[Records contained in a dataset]
* * * * *
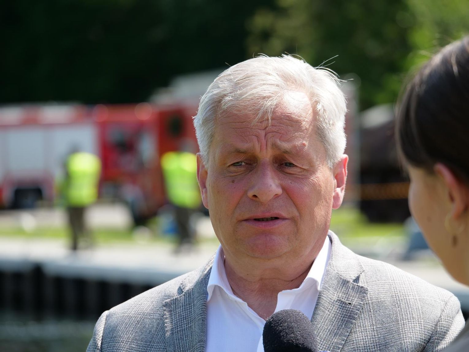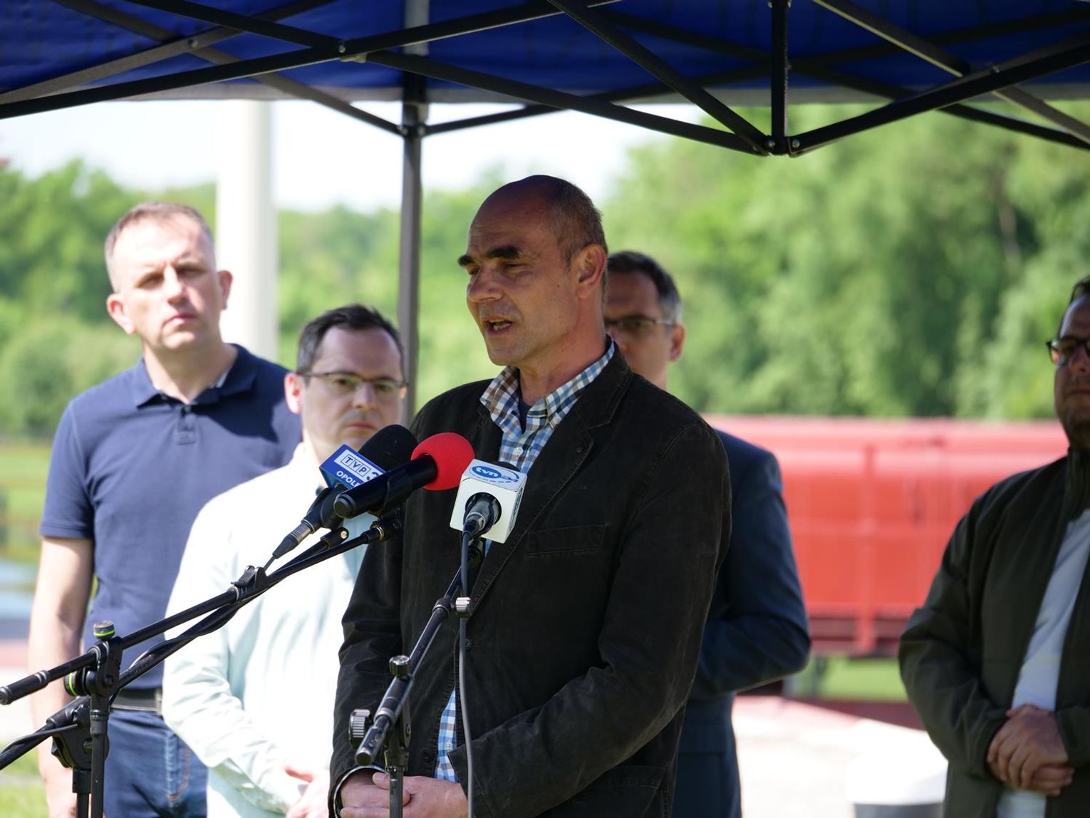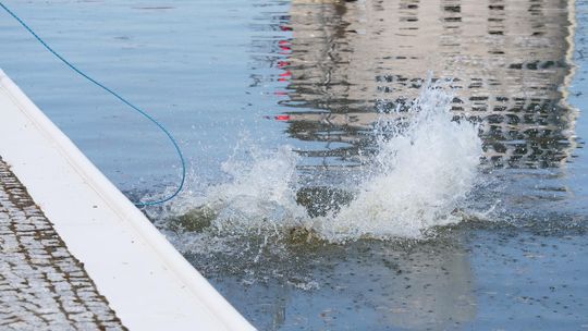 - Cieszę się bardzo, że te działania zaczęły się w województwie Opolskim. Od godziny 6 rano woda była mieszana przez kilka pomp po to, aby stworzyć jak najlepsze warunki do użytego tutaj środka, czyli rozcieńczonej wody utlenionej. Chciałbym uspokoić, że środek nie jest w żaden sposób niebezpieczny dla środowiska, ani dla ludzi. Groźny jest dla złotej algi, a przynajmniej taką mamy nadzieję. Chciałbym, aby to nie był tylko eksperyment, a skuteczne działanie - powiedział wojewoda opolski Sławomir Kłosowski.
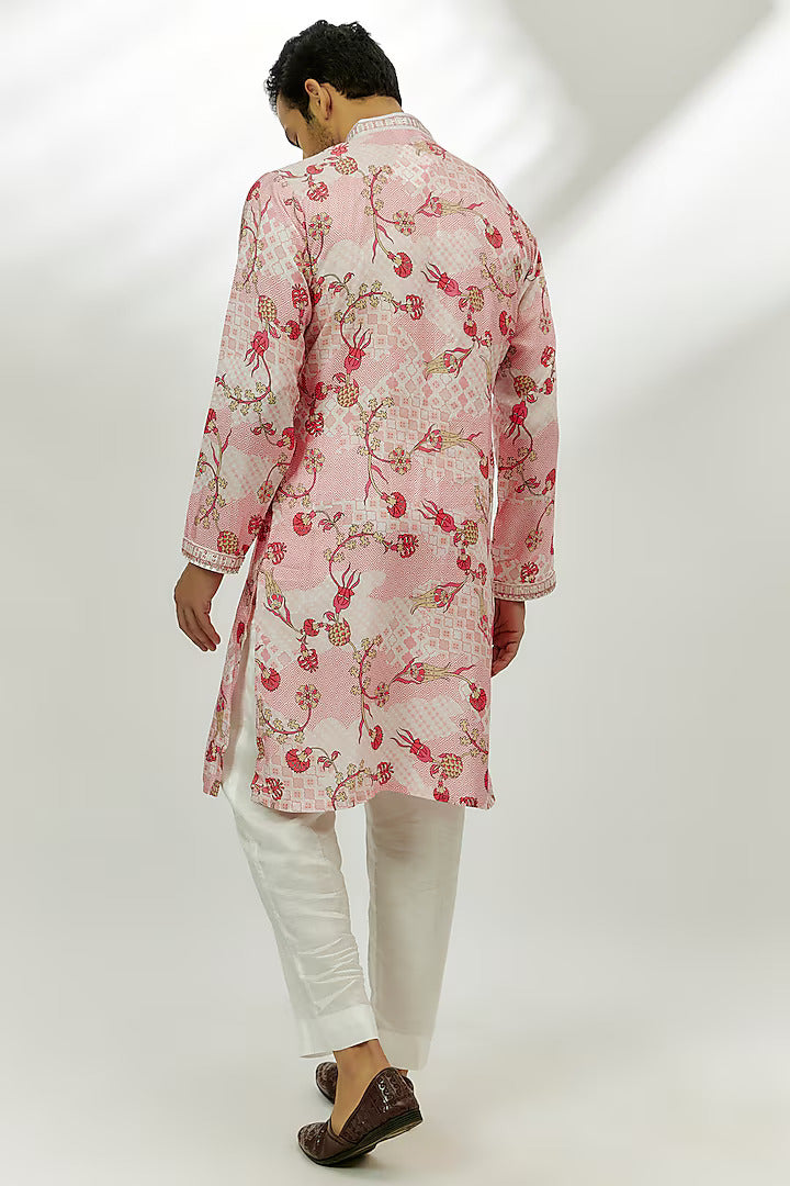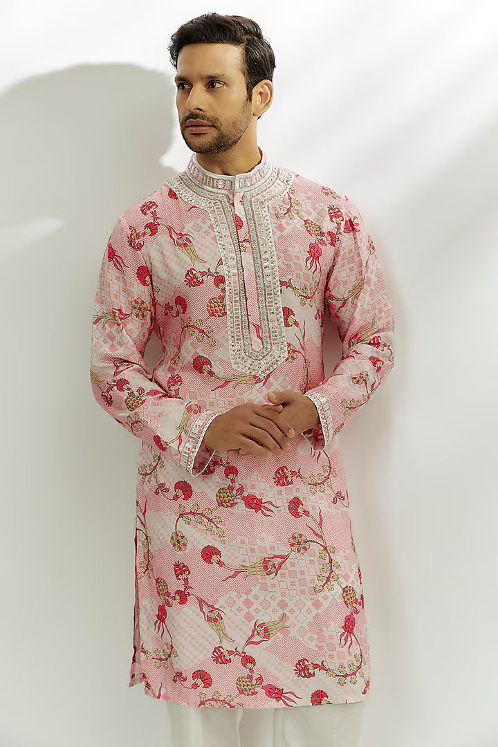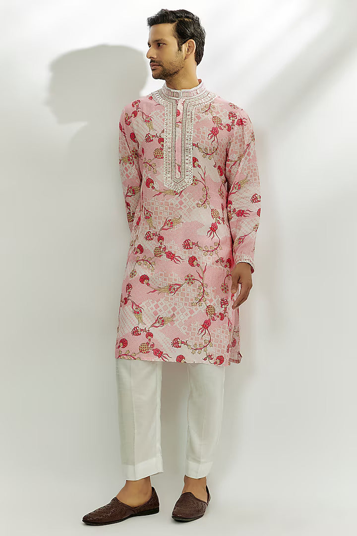Featuring a pastel pink kurta in viscose dupion silk base with sequins and zardosi hand embroidery. Perfect wear for festive occasions.
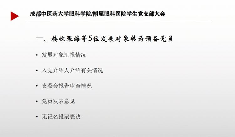会上,预备党员汇报预备期思想、工作情况;党小组组长汇报各转正同志预备期表现情况和小组意见;支部委员介绍各预备党员预备期教育考察情况;紧接着与会党员发表意见;最后进行无记名投票表决。
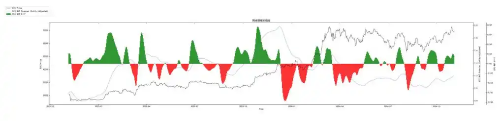 1. 当前,BTC 的吸⾎上升,类似于 2022-2023 年美联储持续加息进⾏时。
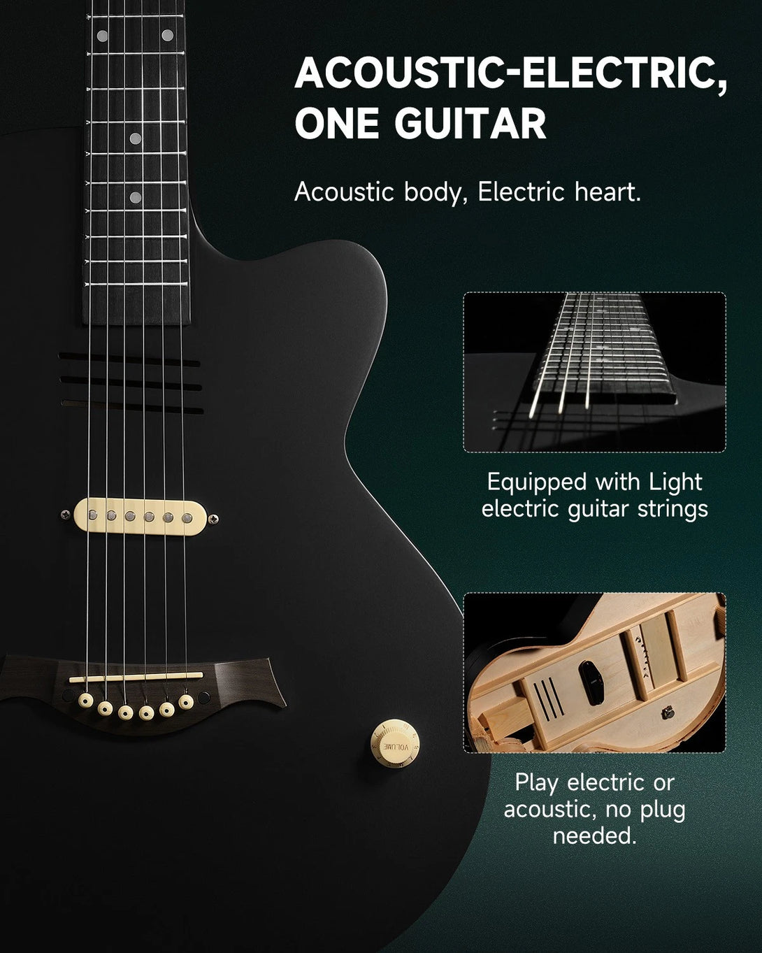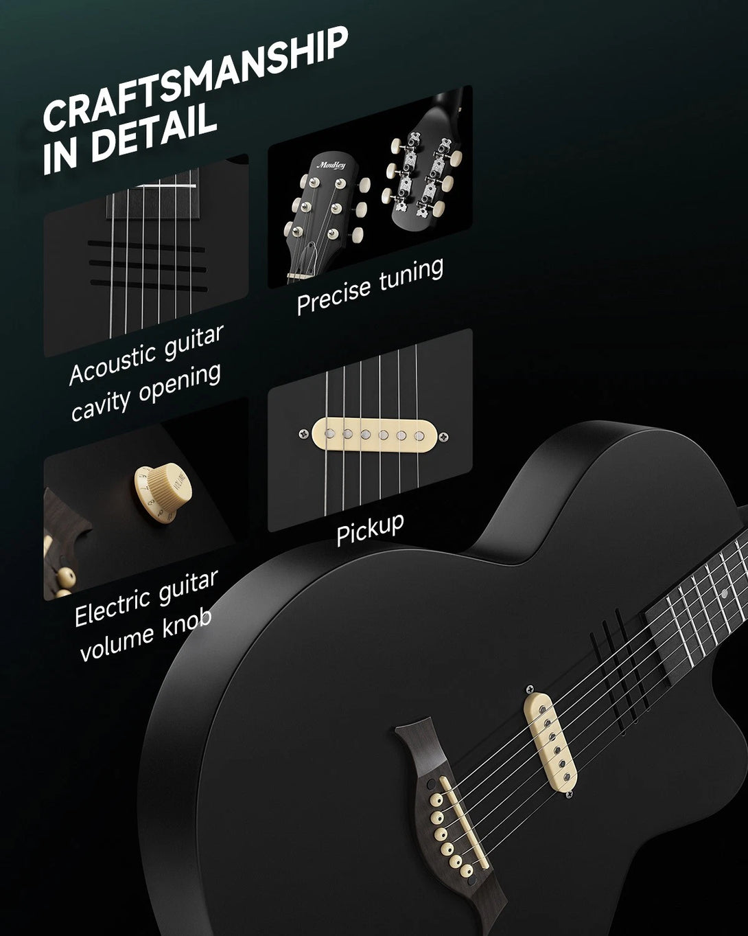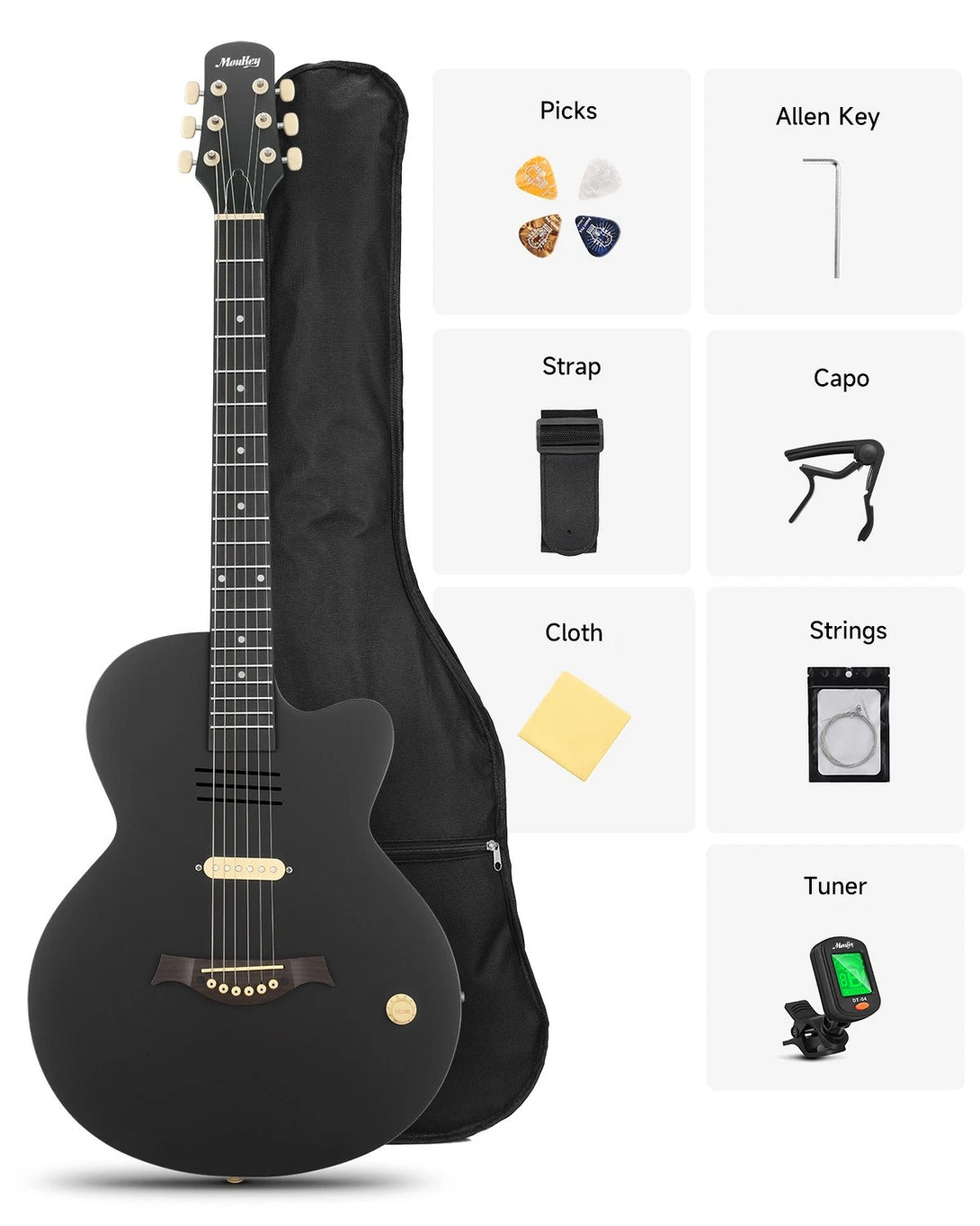 La Moukey MK3064 combina modos acústico y eléctrico, permitiéndote tocar desenchufado o conectarla directamente a un amplificador gracias a su sistema pasivo plug-and-play. Ligera, cómoda y con un diseño cutaway, ofrece excelente jugabilidad y sonido claro, ideal para jóvenes músicos, estudiantes y principiantes que buscan versatilidad y portabilidad.
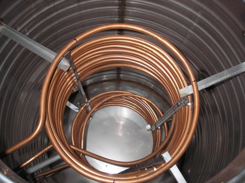- mount the coil inside the tank along its walls or in the center. Solder the pipes to both the inlet and outlet pipes of the tank;
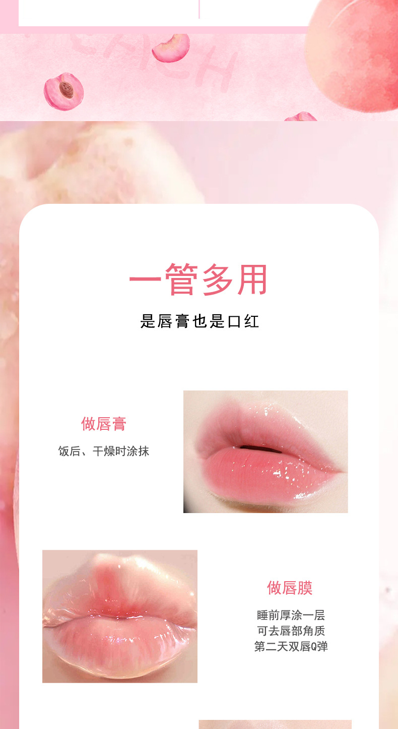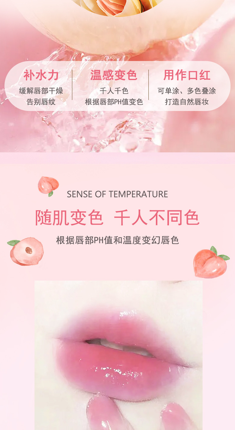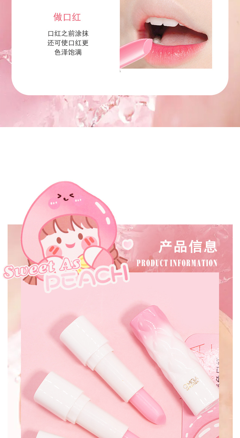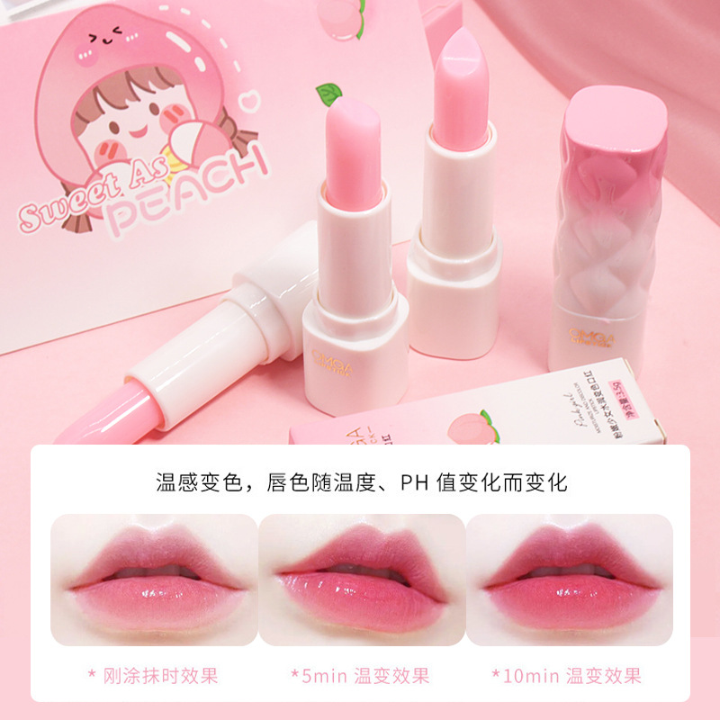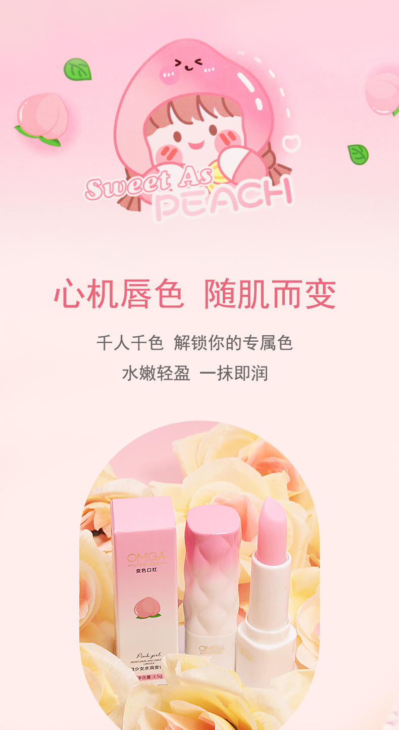 OMGA蜜桃少女変色口紅潤い保湿化粧水蜜桃水晶ゼリー温感潤唇クリーム
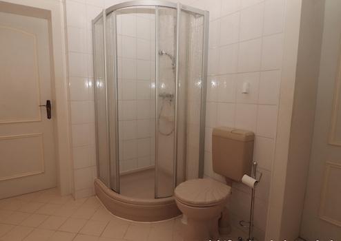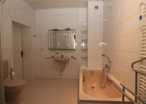 Bad gefliest mit Wanne, Dusche, Waschtisch, WC, Handtuchtrockner
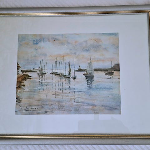 Eva Lundgrenin vanha purjeveneaiheinen aito vesivärityö 1885, mitat n.50 x 68, hp.25 e.
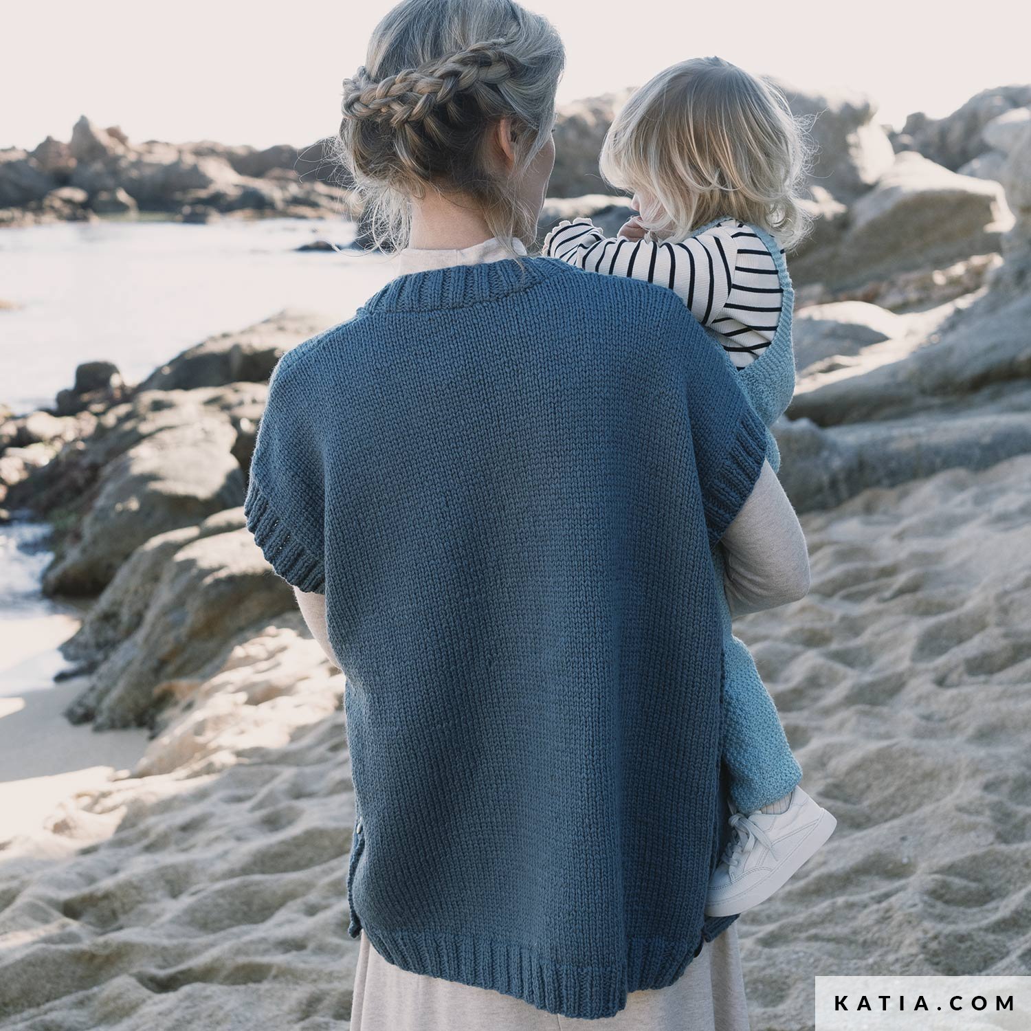Anleitung, um eine Oversized-Weste aus Pure Organic Wolle mit V-Ausschnitt und 5 Knöpfen im Vorderteil und 3 Knöpfen auf jeder Seite zu stricken. Im Vorderteil werden außerdem 2 große, diagonale Zöpfe gestrickt, die eine zusätzliche Lebendigkeit bewirken. Sehr schön auch zu langen Kleidern und Röcken zu tragen.
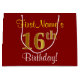 Elegant, Red, Faux Gold 16th Birthday; Custom Name Large Gift Bag
* * * * *
Reproduce every line above exactly as written, omitting the images.

Written reply:
 - Cieszę się bardzo, że te działania zaczęły się w województwie Opolskim. Od godziny 6 rano woda była mieszana przez kilka pomp po to, aby stworzyć jak najlepsze warunki do użytego tutaj środka, czyli rozcieńczonej wody utlenionej. Chciałbym uspokoić, że środek nie jest w żaden sposób niebezpieczny dla środowiska, ani dla ludzi. Groźny jest dla złotej algi, a przynajmniej taką mamy nadzieję. Chciałbym, aby to nie był tylko eksperyment, a skuteczne działanie - powiedział wojewoda opolski Sławomir Kłosowski.
Featuring a pastel pink kurta in viscose dupion silk base with sequins and zardosi hand embroidery. Perfect wear for festive occasions.
会上,预备党员汇报预备期思想、工作情况;党小组组长汇报各转正同志预备期表现情况和小组意见;支部委员介绍各预备党员预备期教育考察情况;紧接着与会党员发表意见;最后进行无记名投票表决。
 1. 当前,BTC 的吸⾎上升,类似于 2022-2023 年美联储持续加息进⾏时。
 La Moukey MK3064 combina modos acústico y eléctrico, permitiéndote tocar desenchufado o conectarla directamente a un amplificador gracias a su sistema pasivo plug-and-play. Ligera, cómoda y con un diseño cutaway, ofrece excelente jugabilidad y sonido claro, ideal para jóvenes músicos, estudiantes y principiantes que buscan versatilidad y portabilidad.
- mount the coil inside the tank along its walls or in the center. Solder the pipes to both the inlet and outlet pipes of the tank;
 OMGA蜜桃少女変色口紅潤い保湿化粧水蜜桃水晶ゼリー温感潤唇クリーム
 Bad gefliest mit Wanne, Dusche, Waschtisch, WC, Handtuchtrockner
 Eva Lundgrenin vanha purjeveneaiheinen aito vesivärityö 1885, mitat n.50 x 68, hp.25 e.
Anleitung, um eine Oversized-Weste aus Pure Organic Wolle mit V-Ausschnitt und 5 Knöpfen im Vorderteil und 3 Knöpfen auf jeder Seite zu stricken. Im Vorderteil werden außerdem 2 große, diagonale Zöpfe gestrickt, die eine zusätzliche Lebendigkeit bewirken. Sehr schön auch zu langen Kleidern und Röcken zu tragen.
 Elegant, Red, Faux Gold 16th Birthday; Custom Name Large Gift Bag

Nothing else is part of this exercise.